— Task goal —
From the first line to the last, restate every record word for word, leaving out the pictures.

— Data for this exercise —
== Segment start ==

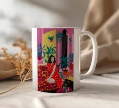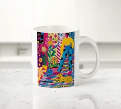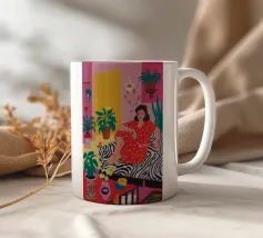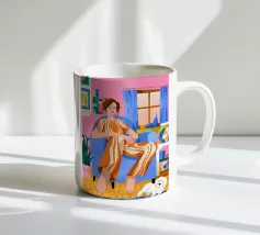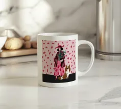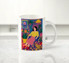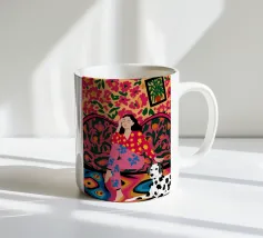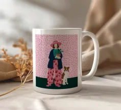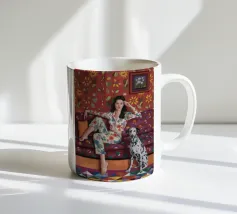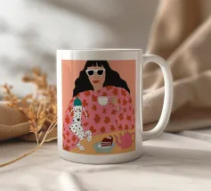 Una donna si trova in una cucina dai colori vivaci con un dalmata al suo fianco, una finestra che mostra una scena all'aperto e vari dettagli della cucina, creando un'illustrazione domestica eccentrica e affascinante.
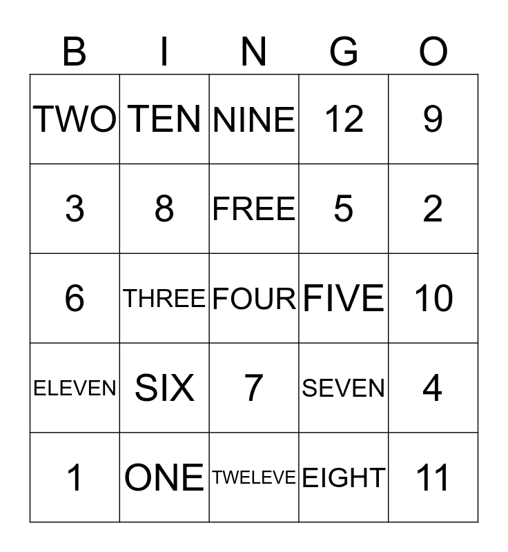 This bingo card has a free space and 24 words: SIX, ONE, FREE, 1, 9, TWO, 3, TEN, FIVE, 7, 5, 6, SEVEN, 4, 8, EIGHT, 10, NINE, 2, THREE, 11, ELEVEN, 12 and TWELEVE.
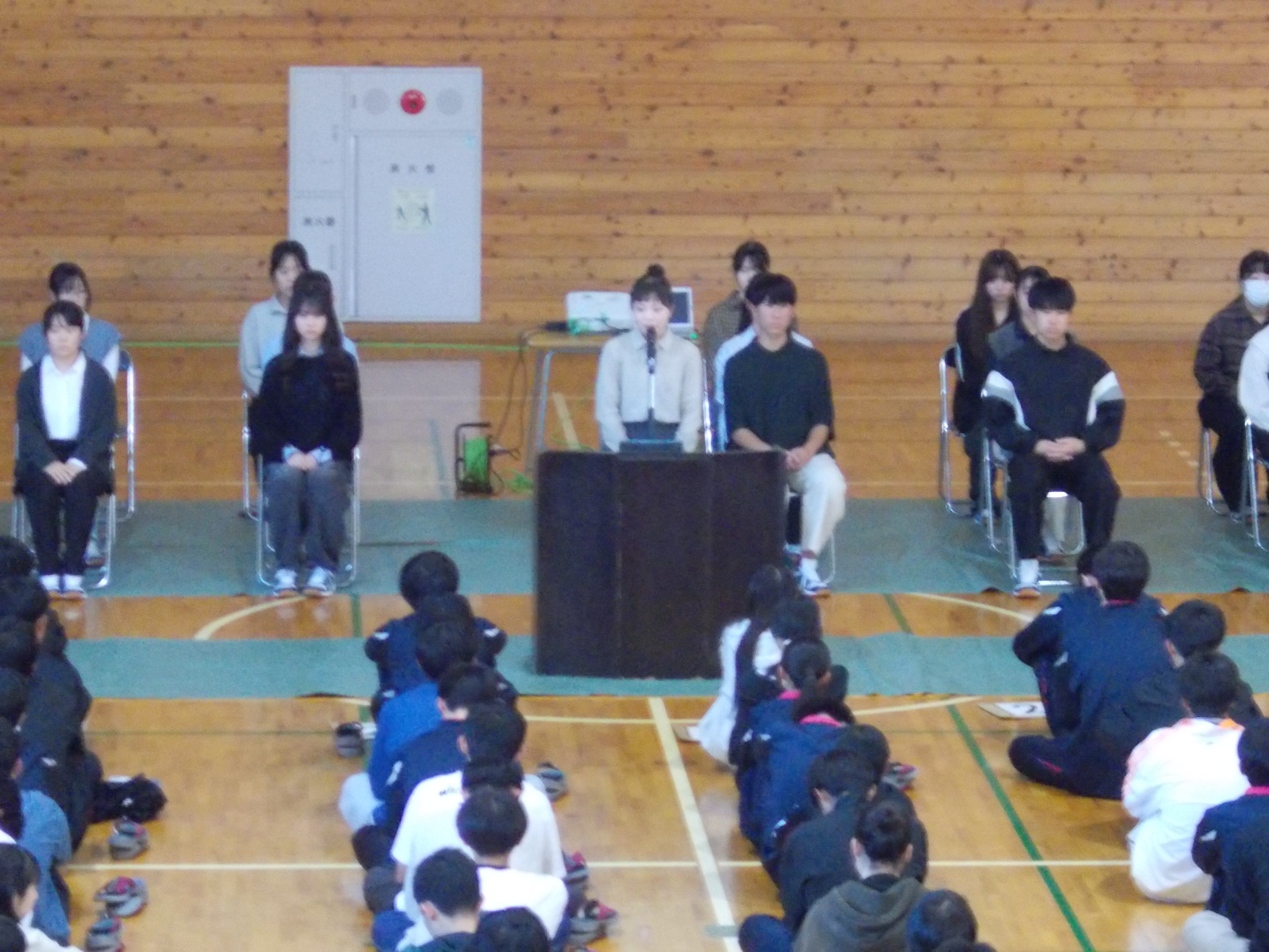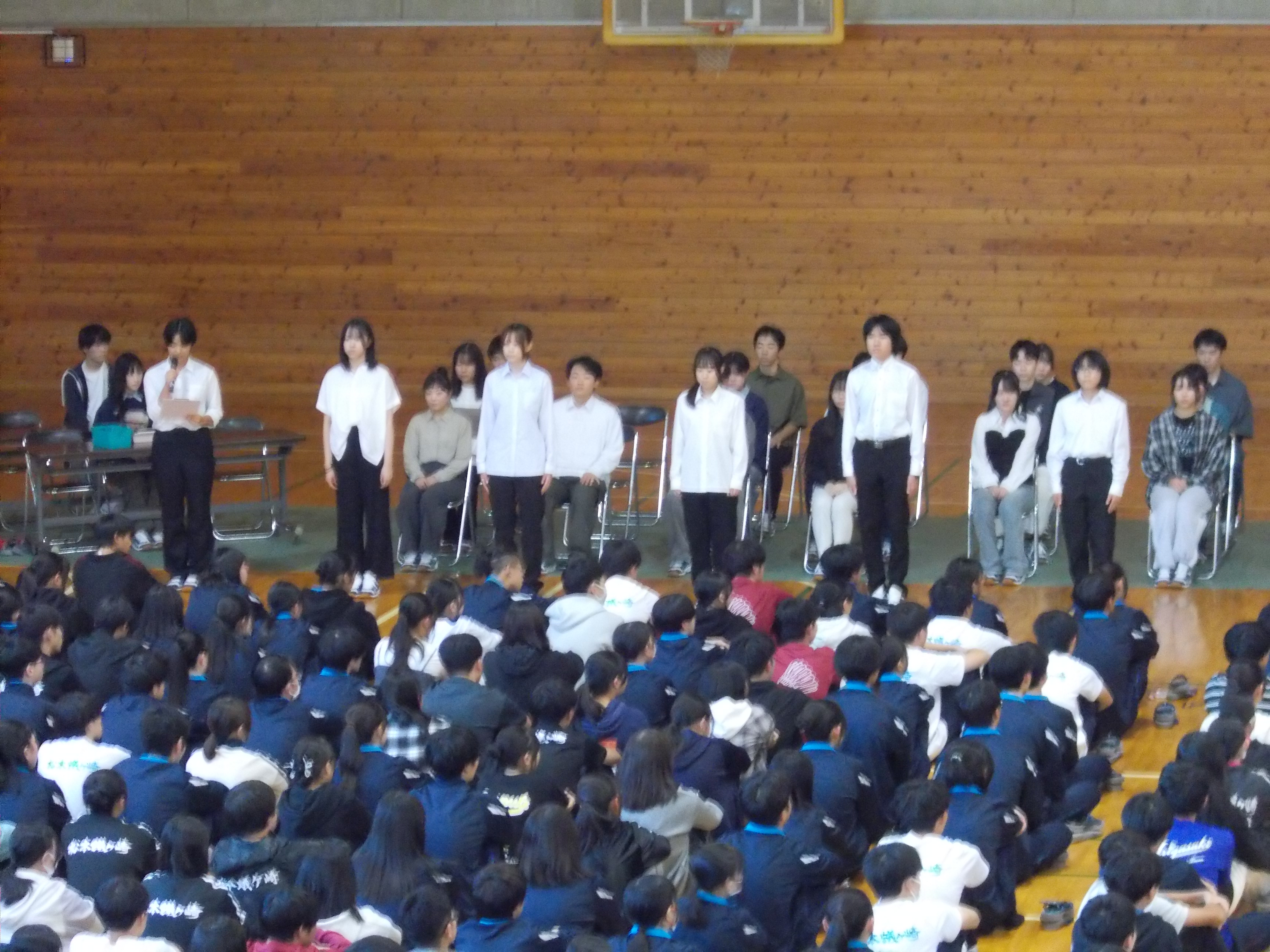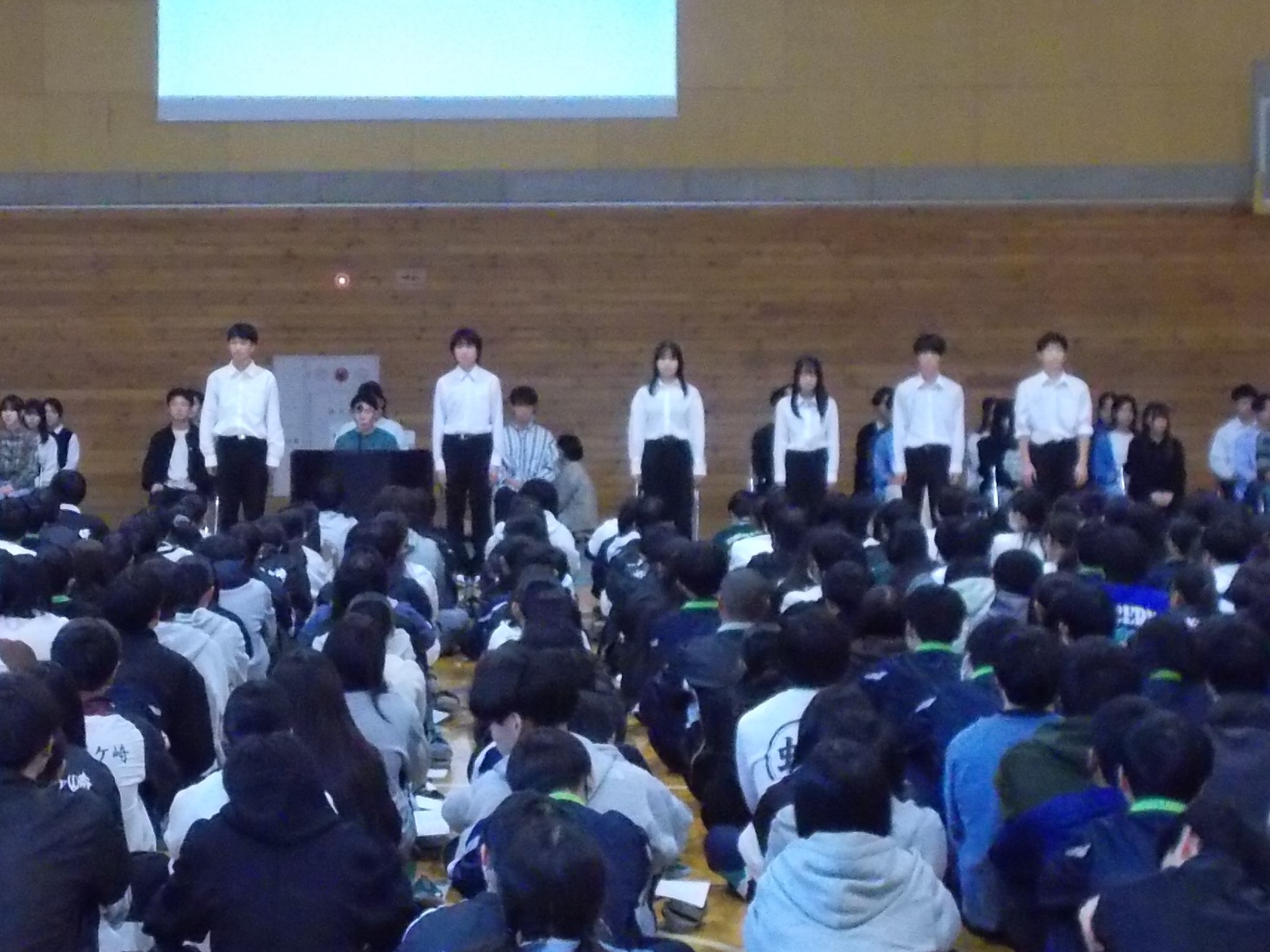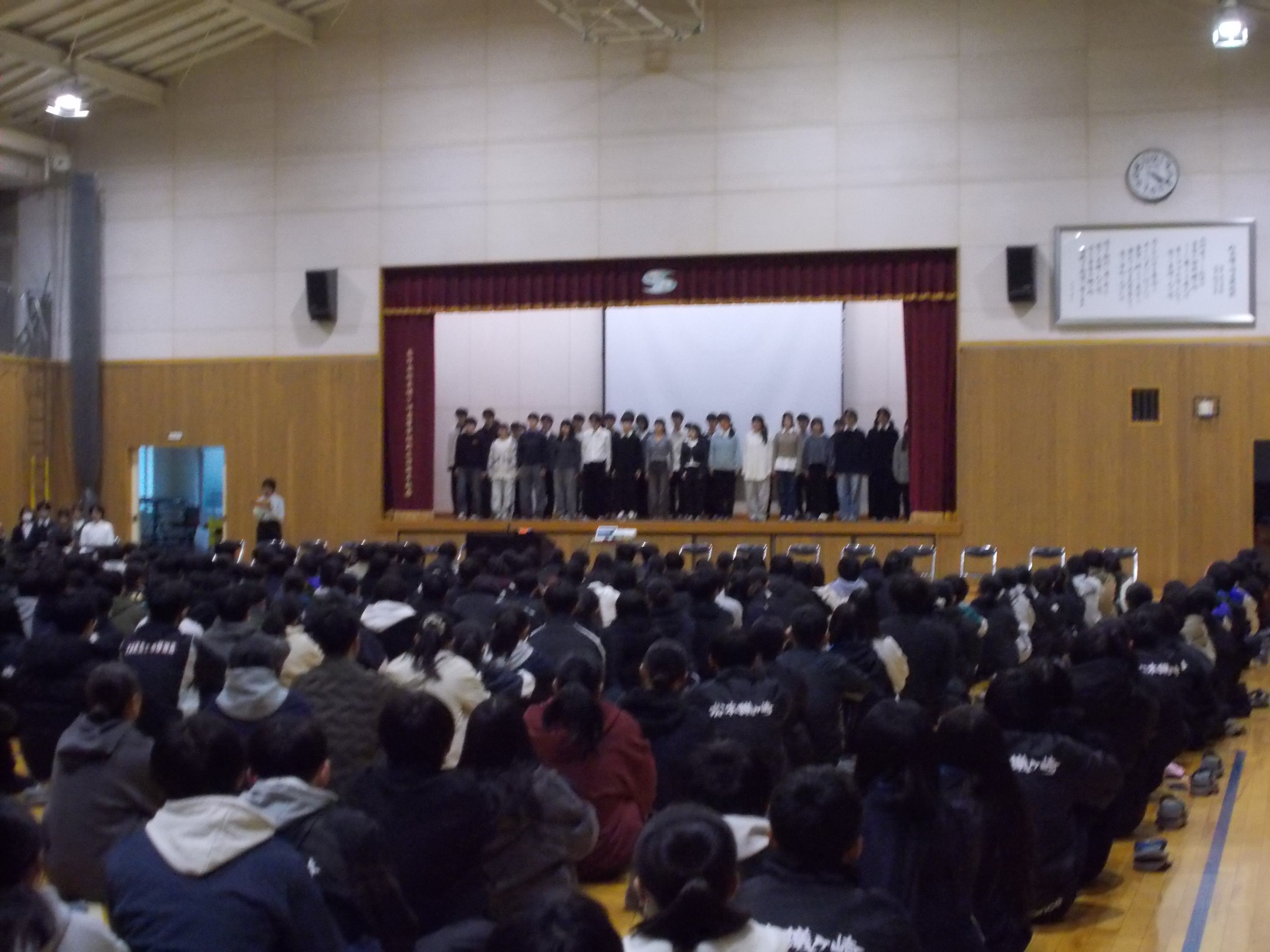 部活動によるパフォーマンス披露や1,2年生全体で「さくら」の合唱を行いました。
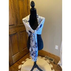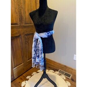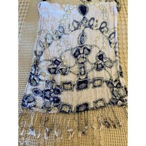 White Scarf with Blue & Navy Design w/ Fringed Ends Beautiful Scarf
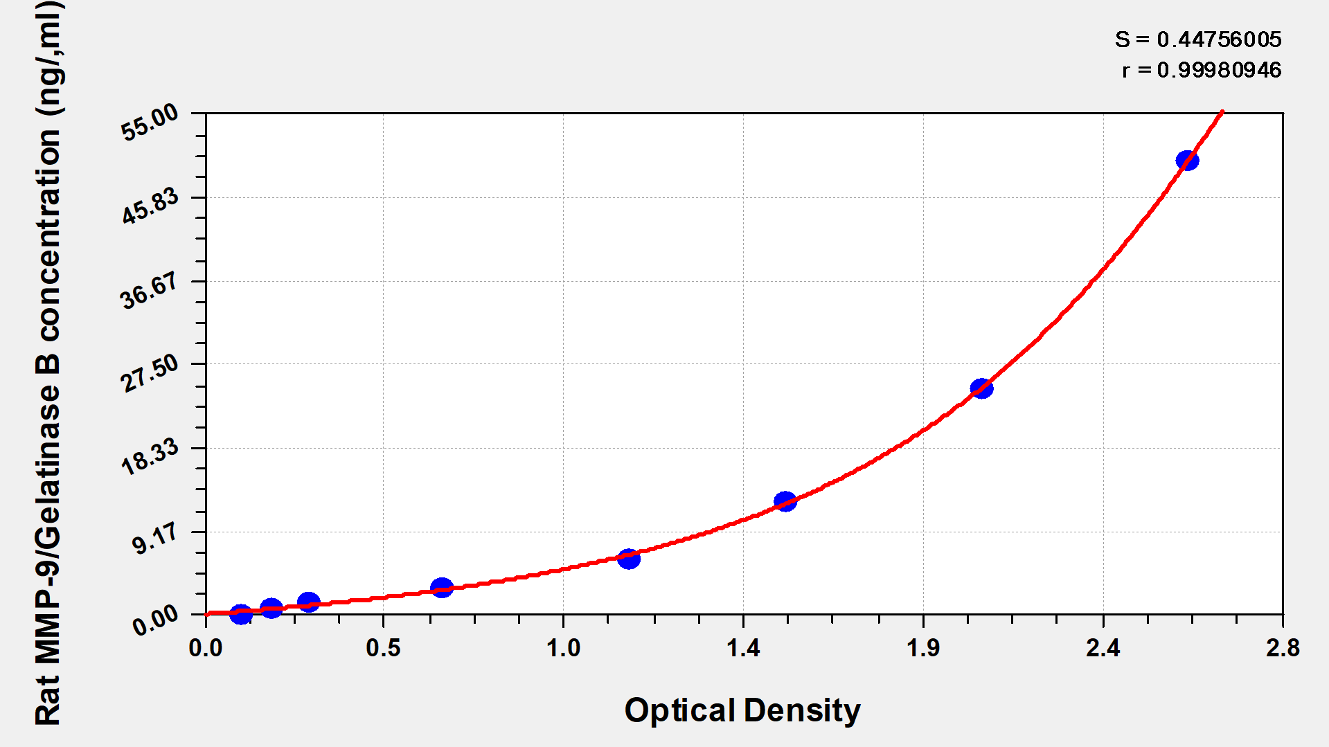 To assess the linearity of the assay, samples were spiked with high concentrations of rat MMP-9/Gelatinase?B in various matrices and diluted with the Sample Diluent to produce samples with values within the dynamic range of the assay.
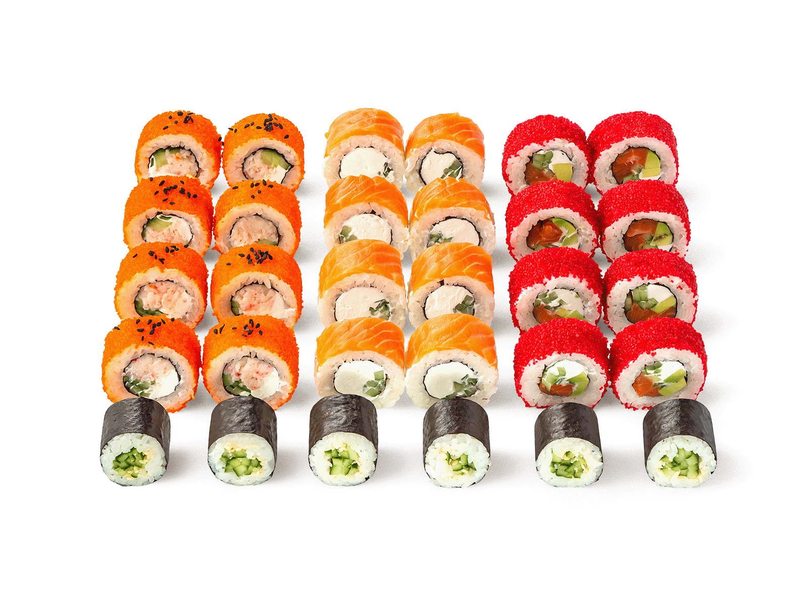 Филадельфия легкая, Калифорния, Калифорния с лососем, Мини-ролл с огурцом. Соевый соус, имбирь и васаби не входит в комплект к блюду

== Segment end ==

— Expected answer —
 Una donna si trova in una cucina dai colori vivaci con un dalmata al suo fianco, una finestra che mostra una scena all'aperto e vari dettagli della cucina, creando un'illustrazione domestica eccentrica e affascinante.
 This bingo card has a free space and 24 words: SIX, ONE, FREE, 1, 9, TWO, 3, TEN, FIVE, 7, 5, 6, SEVEN, 4, 8, EIGHT, 10, NINE, 2, THREE, 11, ELEVEN, 12 and TWELEVE.
 部活動によるパフォーマンス披露や1,2年生全体で「さくら」の合唱を行いました。
 White Scarf with Blue & Navy Design w/ Fringed Ends Beautiful Scarf
 To assess the linearity of the assay, samples were spiked with high concentrations of rat MMP-9/Gelatinase?B in various matrices and diluted with the Sample Diluent to produce samples with values within the dynamic range of the assay.
 Филадельфия легкая, Калифорния, Калифорния с лососем, Мини-ролл с огурцом. Соевый соус, имбирь и васаби не входит в комплект к блюду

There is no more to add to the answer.